**Problem statement**
Leaving out every picture, copy the lines of the material below exactly, from the line containing "따라서 이 동상은 태국" through the line containing "通过120℃高温蒸汽能够消毒".

**Record set**
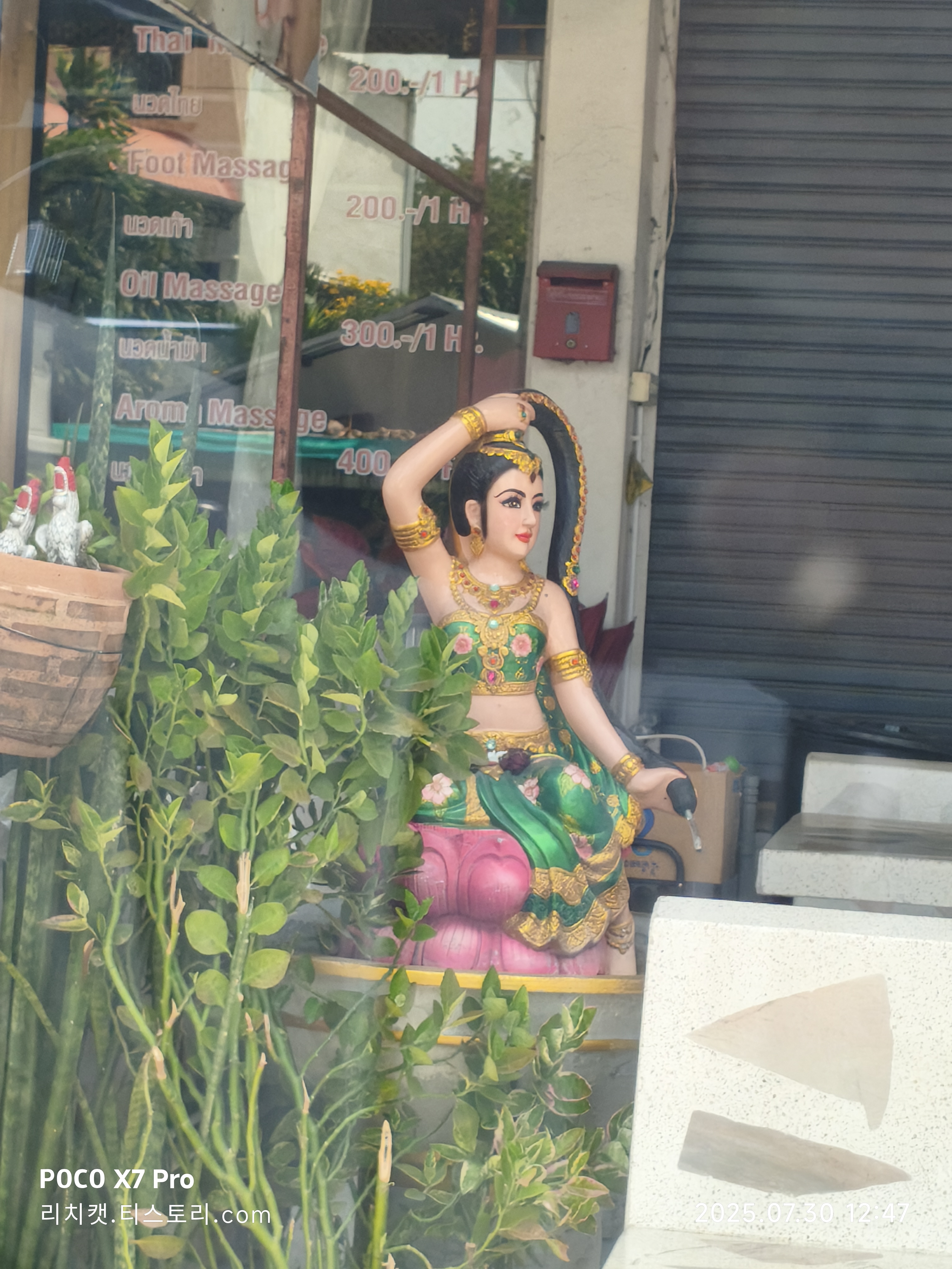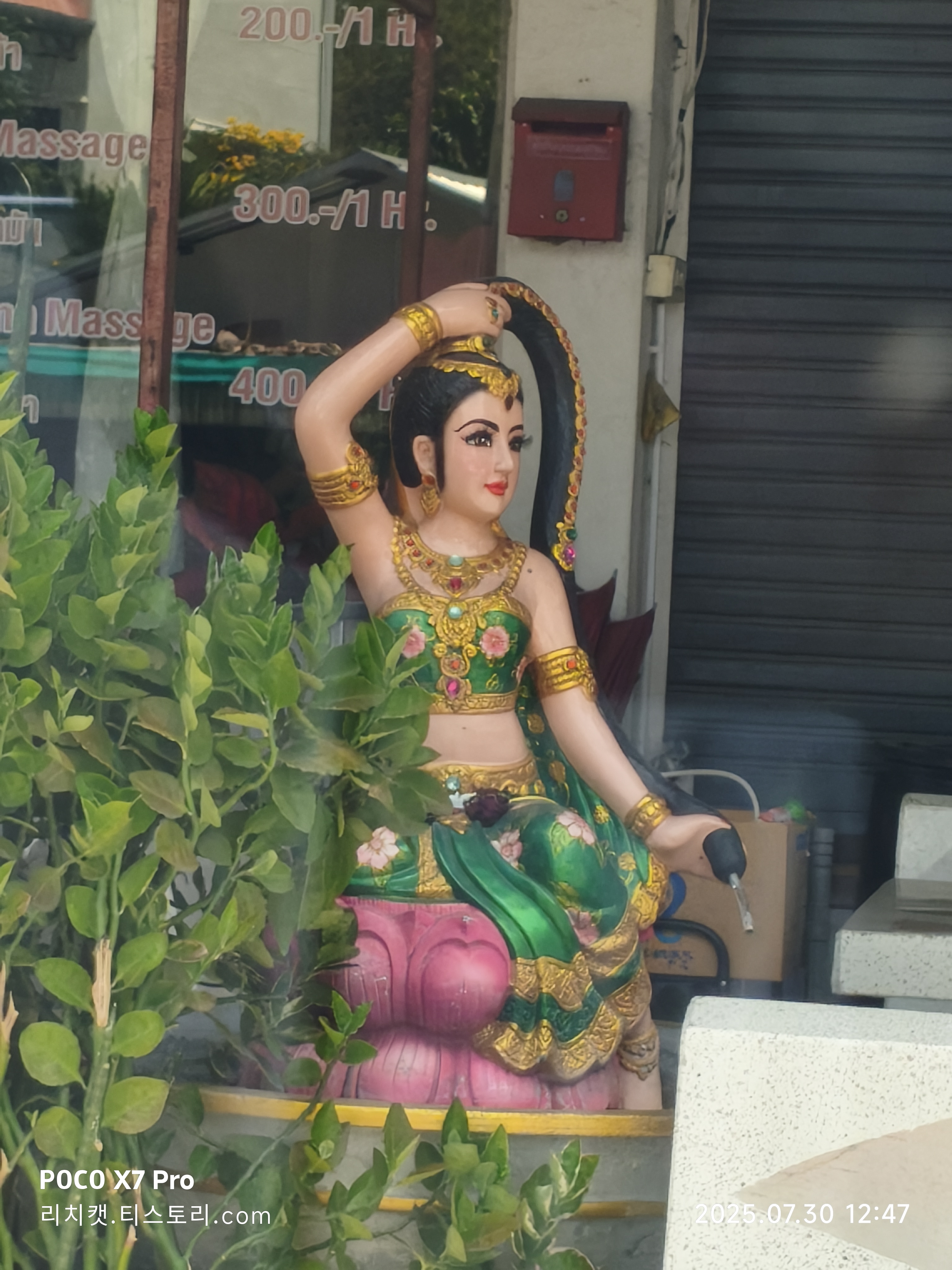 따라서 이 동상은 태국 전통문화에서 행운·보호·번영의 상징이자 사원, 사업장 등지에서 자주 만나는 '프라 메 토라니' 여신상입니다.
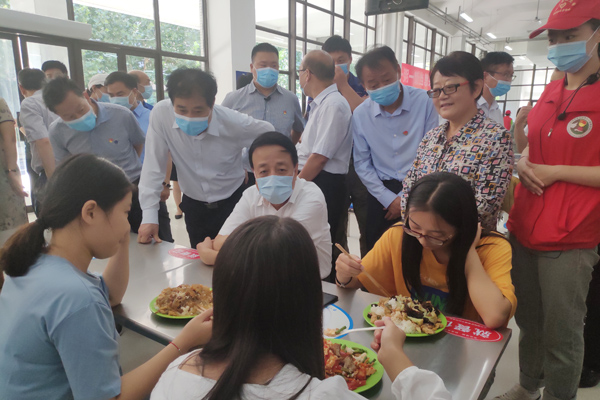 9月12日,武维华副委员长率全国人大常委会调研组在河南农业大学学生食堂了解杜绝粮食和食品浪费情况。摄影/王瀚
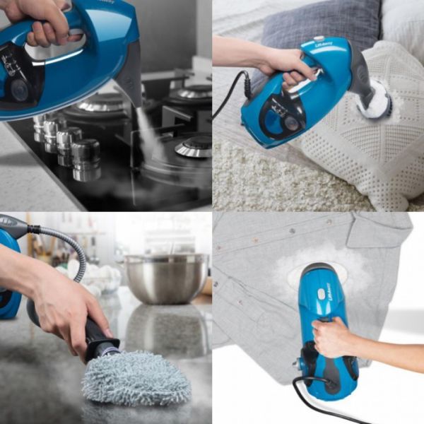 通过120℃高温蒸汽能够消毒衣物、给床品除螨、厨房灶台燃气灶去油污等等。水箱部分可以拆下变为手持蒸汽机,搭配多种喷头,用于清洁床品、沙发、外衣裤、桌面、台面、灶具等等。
==
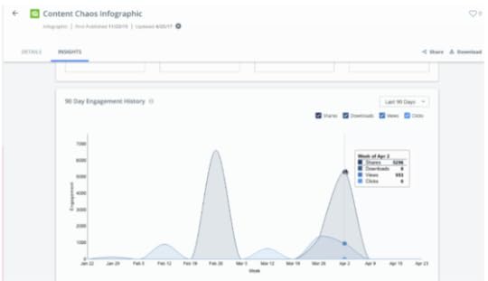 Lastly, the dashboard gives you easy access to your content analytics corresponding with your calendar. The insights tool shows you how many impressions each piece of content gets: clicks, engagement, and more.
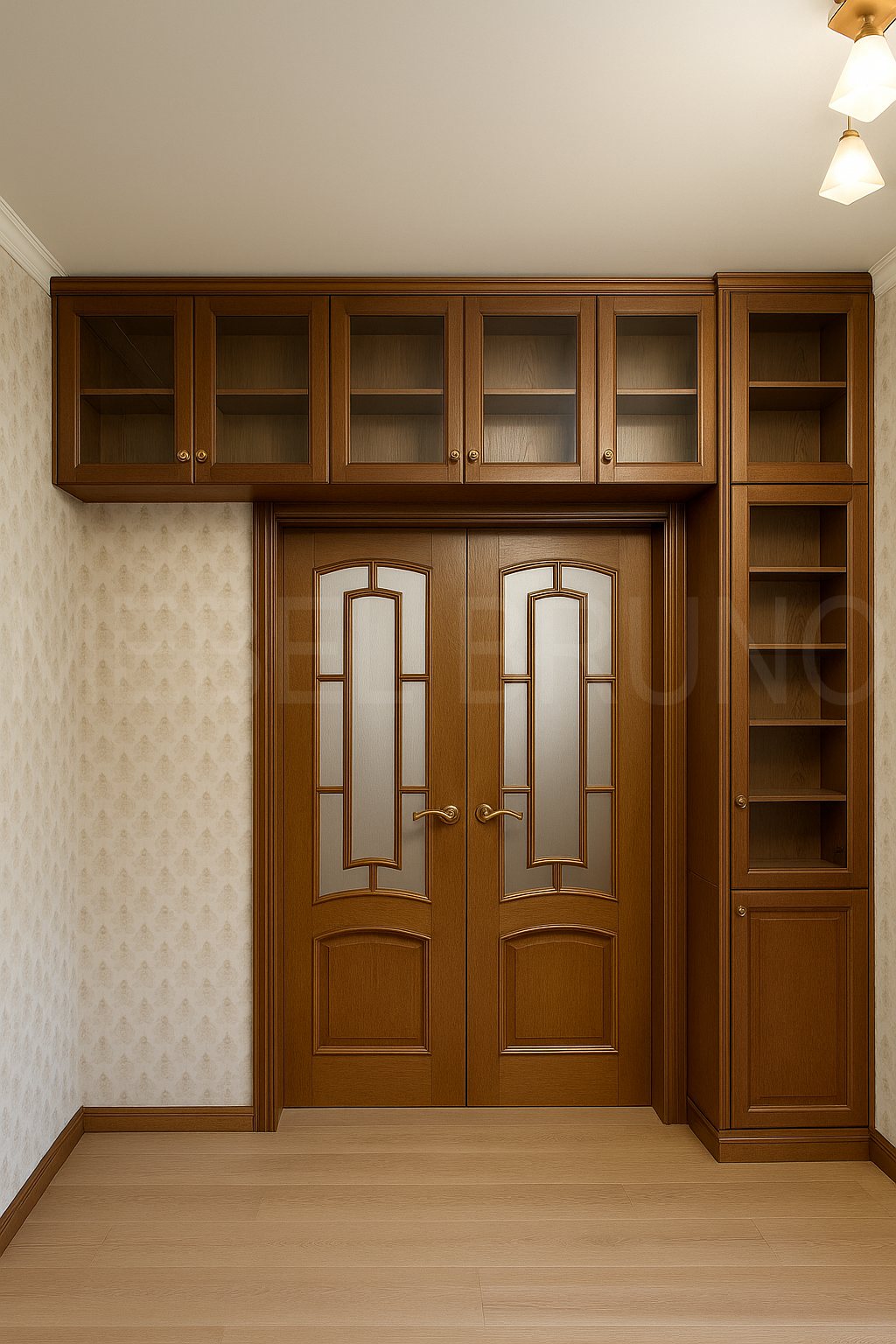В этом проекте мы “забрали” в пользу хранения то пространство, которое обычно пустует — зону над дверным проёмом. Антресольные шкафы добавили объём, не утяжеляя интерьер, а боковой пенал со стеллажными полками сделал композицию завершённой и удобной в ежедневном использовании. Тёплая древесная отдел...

**Finished exercise**
 따라서 이 동상은 태국 전통문화에서 행운·보호·번영의 상징이자 사원, 사업장 등지에서 자주 만나는 '프라 메 토라니' 여신상입니다.
 9月12日,武维华副委员长率全国人大常委会调研组在河南农业大学学生食堂了解杜绝粮食和食品浪费情况。摄影/王瀚
 通过120℃高温蒸汽能够消毒衣物、给床品除螨、厨房灶台燃气灶去油污等等。水箱部分可以拆下变为手持蒸汽机,搭配多种喷头,用于清洁床品、沙发、外衣裤、桌面、台面、灶具等等。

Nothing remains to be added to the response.